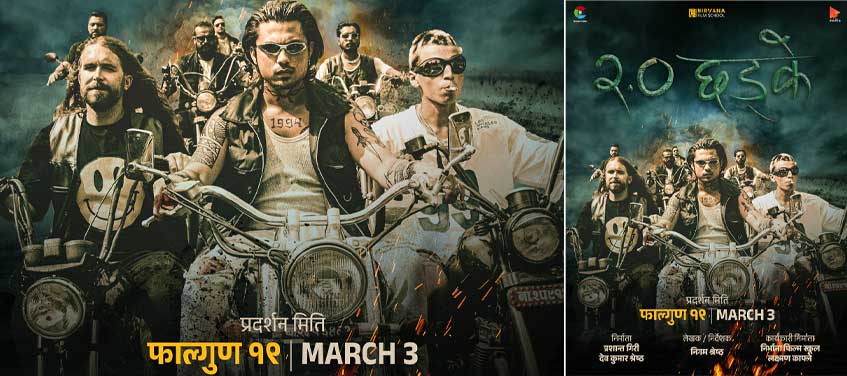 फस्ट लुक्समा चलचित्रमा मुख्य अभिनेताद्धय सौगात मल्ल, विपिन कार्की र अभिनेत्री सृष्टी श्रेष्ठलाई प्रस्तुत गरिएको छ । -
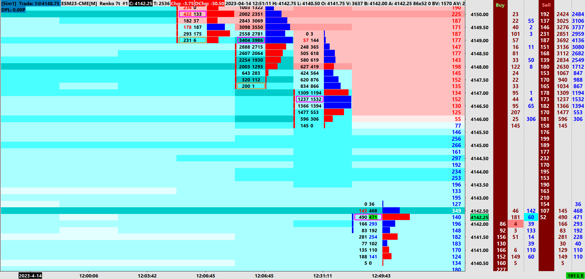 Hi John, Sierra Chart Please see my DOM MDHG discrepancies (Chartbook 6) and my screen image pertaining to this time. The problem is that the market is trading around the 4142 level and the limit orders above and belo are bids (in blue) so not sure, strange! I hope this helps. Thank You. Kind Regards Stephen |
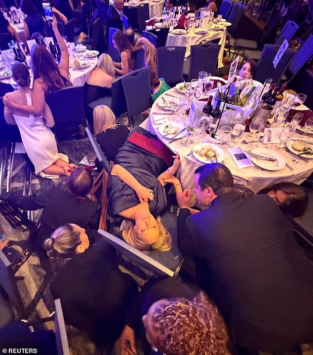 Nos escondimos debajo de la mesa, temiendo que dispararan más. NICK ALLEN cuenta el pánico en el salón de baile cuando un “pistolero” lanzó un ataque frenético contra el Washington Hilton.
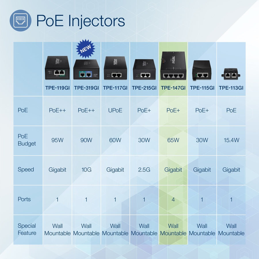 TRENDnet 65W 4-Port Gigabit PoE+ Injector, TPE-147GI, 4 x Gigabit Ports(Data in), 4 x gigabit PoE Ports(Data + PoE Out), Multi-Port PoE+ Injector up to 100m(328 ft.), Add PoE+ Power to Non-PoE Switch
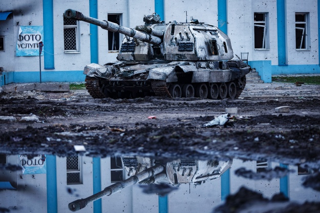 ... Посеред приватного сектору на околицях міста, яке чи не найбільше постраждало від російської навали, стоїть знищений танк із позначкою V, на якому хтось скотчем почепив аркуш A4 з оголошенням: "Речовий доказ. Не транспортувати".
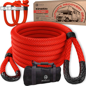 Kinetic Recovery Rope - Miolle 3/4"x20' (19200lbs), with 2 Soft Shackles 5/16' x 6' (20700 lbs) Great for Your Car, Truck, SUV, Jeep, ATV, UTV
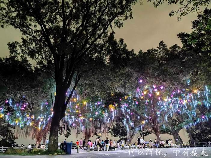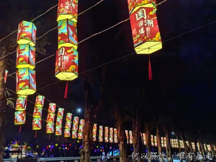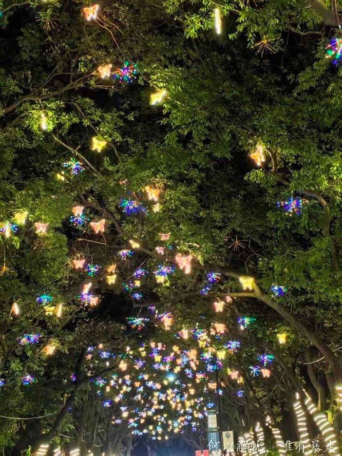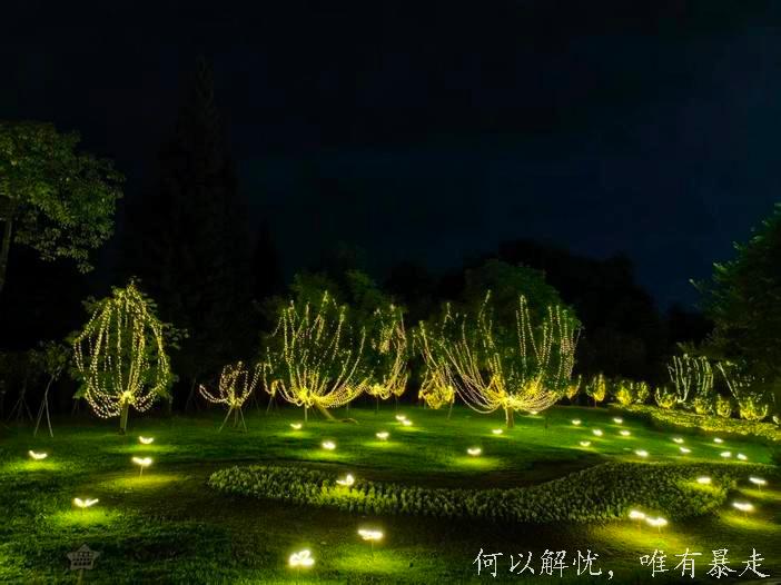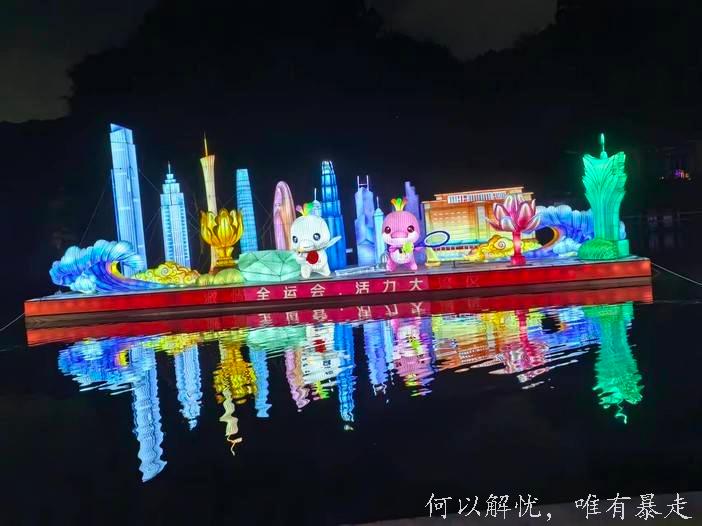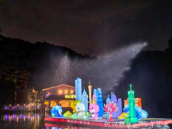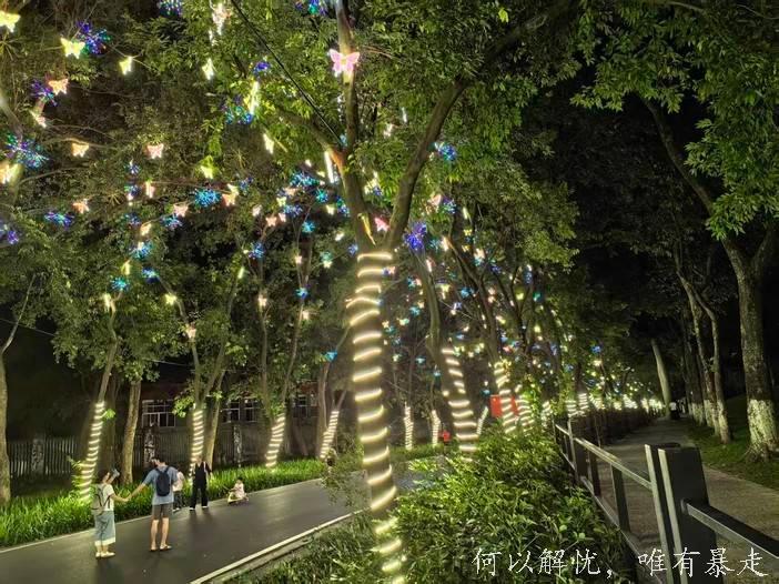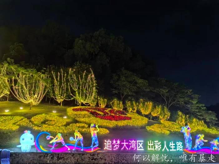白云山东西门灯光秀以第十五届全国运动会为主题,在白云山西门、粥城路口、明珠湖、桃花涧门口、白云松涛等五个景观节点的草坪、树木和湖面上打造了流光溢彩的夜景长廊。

==========

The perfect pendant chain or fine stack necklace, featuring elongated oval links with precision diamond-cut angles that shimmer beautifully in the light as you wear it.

==========

**Exercise aim:** Above is the material; set down exactly its lines from the one containing "Nos escondimos debajo" down to the one containing "TRENDnet 65W 4-Port", both included, leaving out any pictures.

**Response:**
 Nos escondimos debajo de la mesa, temiendo que dispararan más. NICK ALLEN cuenta el pánico en el salón de baile cuando un “pistolero” lanzó un ataque frenético contra el Washington Hilton.
 TRENDnet 65W 4-Port Gigabit PoE+ Injector, TPE-147GI, 4 x Gigabit Ports(Data in), 4 x gigabit PoE Ports(Data + PoE Out), Multi-Port PoE+ Injector up to 100m(328 ft.), Add PoE+ Power to Non-PoE Switch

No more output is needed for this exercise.